C’est Munathara Initiative, soutenue par la DDC, qui a mis en place ce débat, nommé Towhnhall. Basée à Tunis, l’organisation promeut le débat et la liberté d’expression chez les jeunes, les femmes et les communautés marginalisées dans le monde arabophone pour que ces personnes jouent un rôle plus important dans l’élaboration active du discours politique, social, économique et culturel. Après le Printemps arabe en 2011, la culture du débat a connu un essor significatif dans la région. Les programmes télévisés dédiés aux discussions politiques et sociétales se sont multipliés, offrant un champ d’expression à la confrontation des points de vue. Or, un grand nombre de ces émissions privilégie le sensationnalisme et la course aux audiences, au détriment des principes de déontologie journalistique.

Des millions de vues

Le projet régional «Debating our Destiny» entend contribuer à l’émergence de leaders d’opinions issus des catégories jusqu’ici sous-représentées. Il est déployé en Tunisie, au Maroc, en Algérie, en Égypte, en Libye, au Liban, en Jordanie ainsi que dans les Territoires palestiniens. Le Townhall sur la loi 52 relative à la consommation des stupéfiants a été vu par plus de trois millions de personnes sur les réseaux sociaux en Tunisie et par plus de 200'000 au Maroc et en Algérie.

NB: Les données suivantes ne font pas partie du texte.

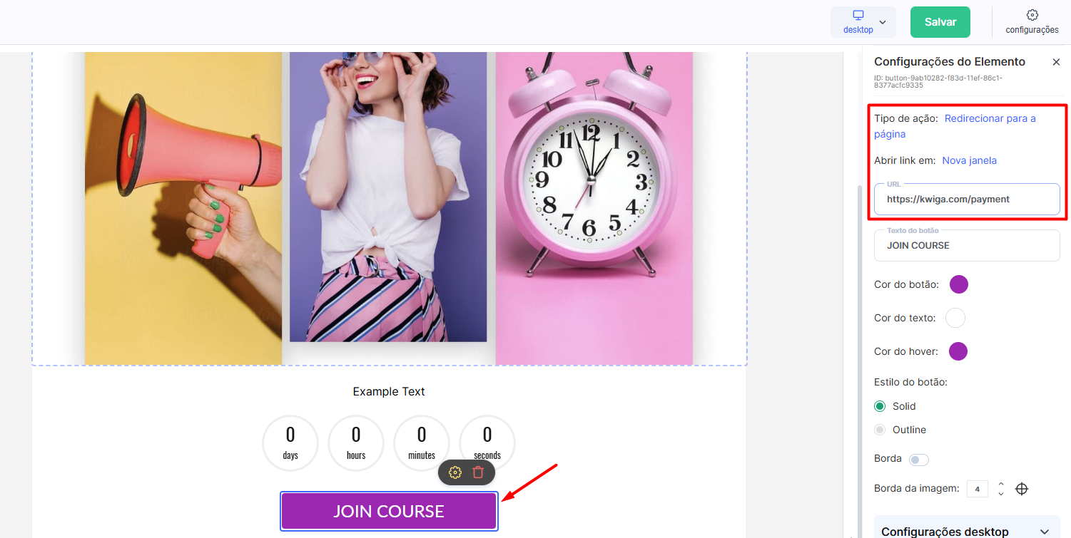 Nas configurações do botão, selecione o tipo de ação Redirecionar para página. Cole o link público copiado da oferta no campo URL.
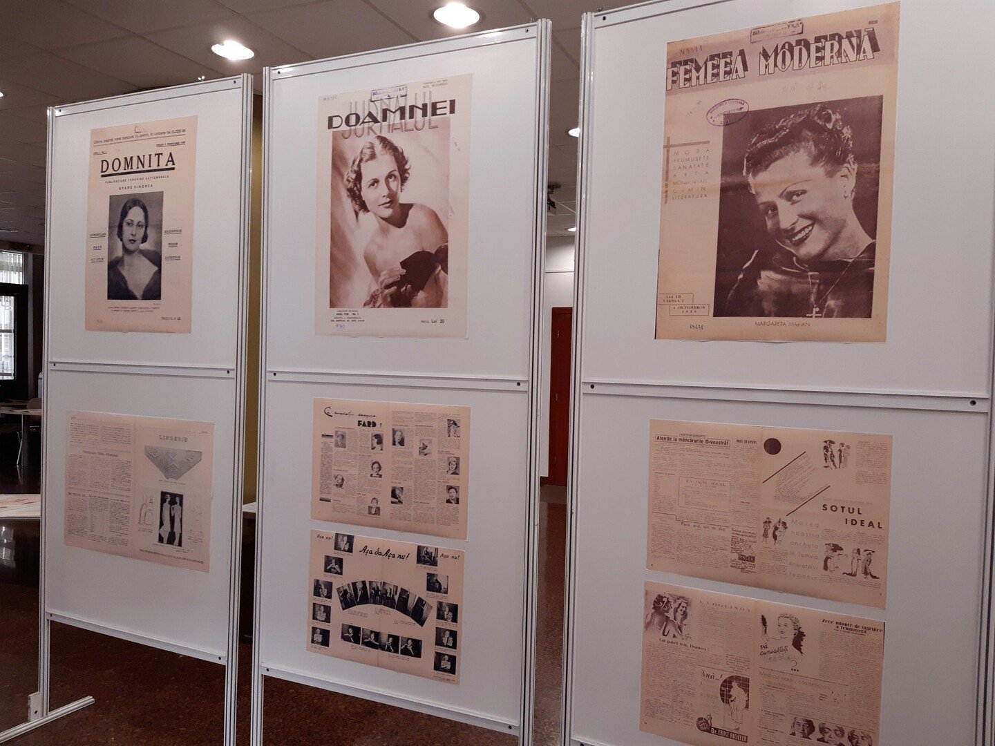 Călătoria pe care o propunem începe în prima parte a secolului XX. Regăsim printre exponate imagini din periodicele „Femeia și Familia” (1903), „Revista scriitoarei” (1905), „Viitorul româncelor” (1914), „Domnița” (1929), „Tribuna Femeii” (1930), „Cuvântul femeilor” (1933), „Femeia satelor” (1935), „Jurnalul Doamnei” (1938), „Femeia Modernă” (1938), lucrări tipărite și documente audio-vizuale. Consultând documentele expuse, privitorul va regăsi numeroase articole legate de preocuparea femeilor pentru frumusețe, sănătate, educație, cultură, emancipare și viață domestică.
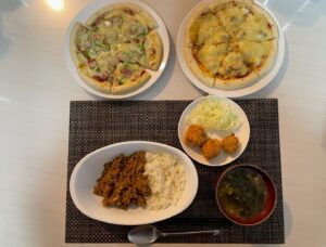 カボチャのコロッケや手作りのピザなどお腹いっぱい食べました。
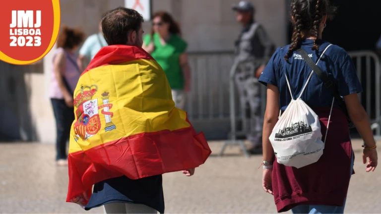 El cansancio del viaje no logra vencer a la ilusión que se ven en las caras de los peregrinos. Para muchos es su primera JMJ, como el de un grupo de adolescentes canarias, que en sus primeras horas en la capital de Portugal ya han compartido con otros peregrinos su experiencia: “Dormimos todos juntos, es un poco agobio, pero estamos superbien”, nos comenta en ECCLESIA una de las jóvenes.
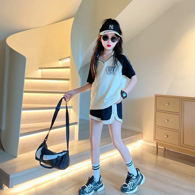 여아 반팔 양복, 여름 옷, 아동 한국식 캐주얼 스트리트 스타일 여아 스포츠 티셔츠, 루즈한 반바지 투피스 세트
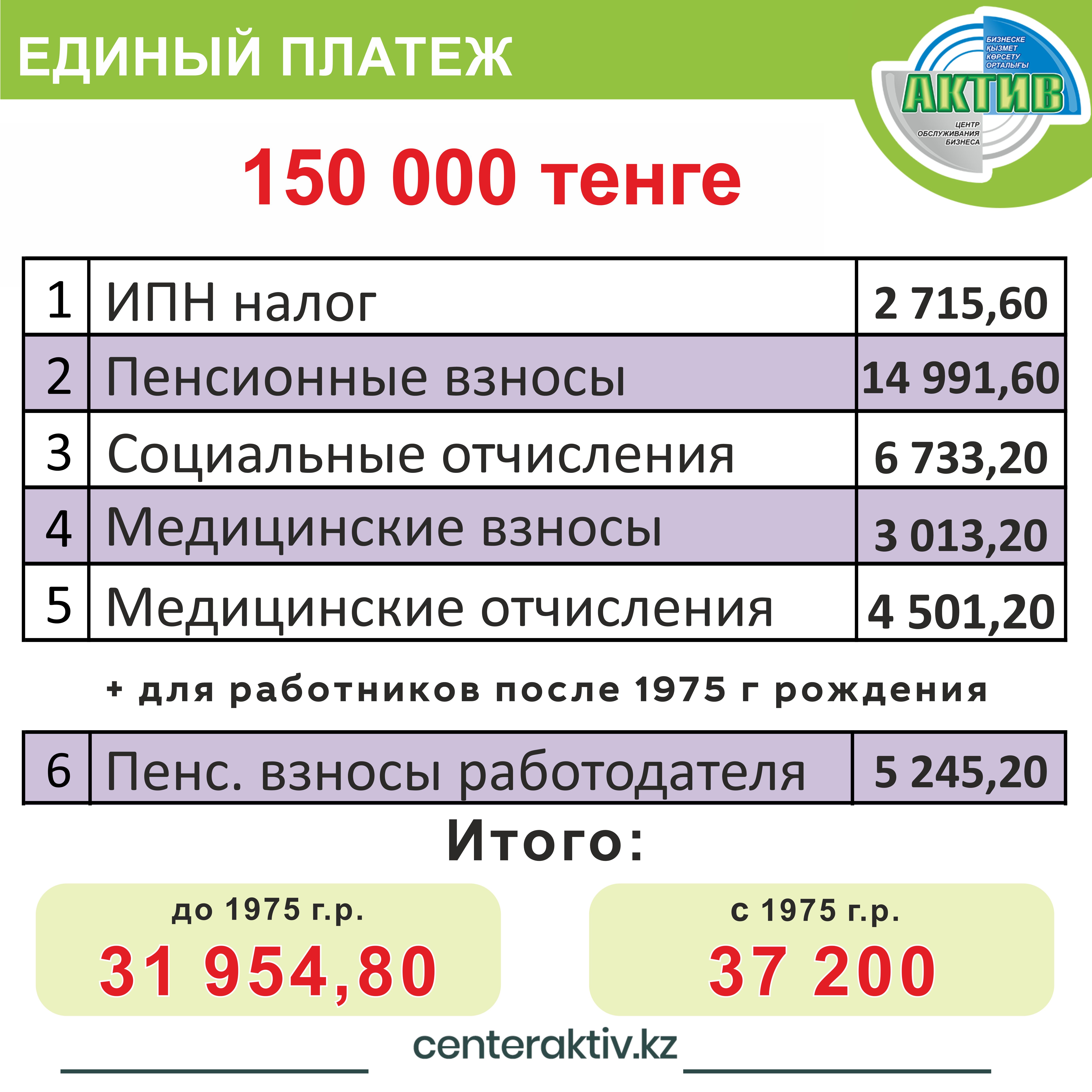Пенсионные взносы работодателя начисляются по ставке 3,4968%. Не уплачиваются за пенсионеров, инвалидов I и II группы (бессрочно), а также за работников, рожденных до 1975 года. Минимальный размер — 2 972,28 тенге, максимальный — 148 614 тенге.

D’autres débats ont eu lieu l’an passé sur les thèmes suivants: «Avons-nous besoin d’une nouvelle Constitution?», «Immigration illégale, pourquoi?» ou encore «Faut-il privatiser les institutions publiques?»

Des jeunes gens débattent lors d'une table ronde à la télévision.
En participant au débat «Townhall», les jeunes, les femmes et les groupes marginalisés jouent un rôle plus important dans le discours politique, social, économique et culturel de la Tunisie. © Munathara Initiative

Pour sélectionner les participantes et participants aux face-à-face télévisés, un concours en ligne est lancé avant chacune des émissions. «Les candidates et candidats sont invités à enregistrer, puis à télécharger, sur le site officiel de Munathara Initiative, des discours en faveur ou contre la question soumise. Les vidéos ne doivent pas dépasser 99 secondes», détaille Belabbès Benkredda, fondateur et directeur de Munathara Initiative. Et d’ajouter: «Une attention particulière est accordée à la qualité du son et à la clarté des arguments.» Ensuite, le public et un jury votent: les deux personnes ayant obtenu le plus de voix sont invitées à participer aux débats en direct, modérés par des journalistes professionnels. Chacune dispose d’un temps de parole égal aux politiciennes et politiciens, précise Belabbès Benkredda.

Ateliers débats

Des formatrices et formateurs de Munathara Initiative organisent, en outre, des ateliers débats dans des communautés marginalisées qui n’auraient pas accès aux concours en ligne. Les stagiaires apprennent à exprimer de manière constructive leur opinion, à façonner le discours public et à respecter les avis divergents. «À la fin de chaque session, les jeunes qui souhaitent prendre part à l’une des émissions sont invités à enregistrer et à télécharger leur discours de 99 secondes», note Belabbès Benkredda.

Shedy Mimouna a pris part à un tel atelier, «une expérience riche et exceptionnelle» qui l’a profondément marqué. «J’ai acquis une grande confiance en moi qui m’a permis de franchir une nouvelle étape dans ma vie. Je suis devenu le président du bureau de l’association Moughairoun à Monastir [ville au centre-est de la Tunisie] au sein de laquelle j’étais auparavant un simple membre», relate le jeune homme. «J’appréhendais beaucoup mon passage à la télévision. Aujourd’hui, je fais partie de ce beau réseau des alumni de Munathara Initiative dans le cadre duquel j’ai pu nouer des amitiés et élargir mes connaissances. Cette expérience a changé ma vie», confie-t-il.

Pour attirer toujours plus de jeunes, Munathara Initiative mène également de vastes campagnes sur les réseaux sociaux. Une émission informelle en ligne, Jeel Al Jay, est proposée avant et après les débats. Elle est animée par de jeunes journalistes pour soutenir les talents émergents.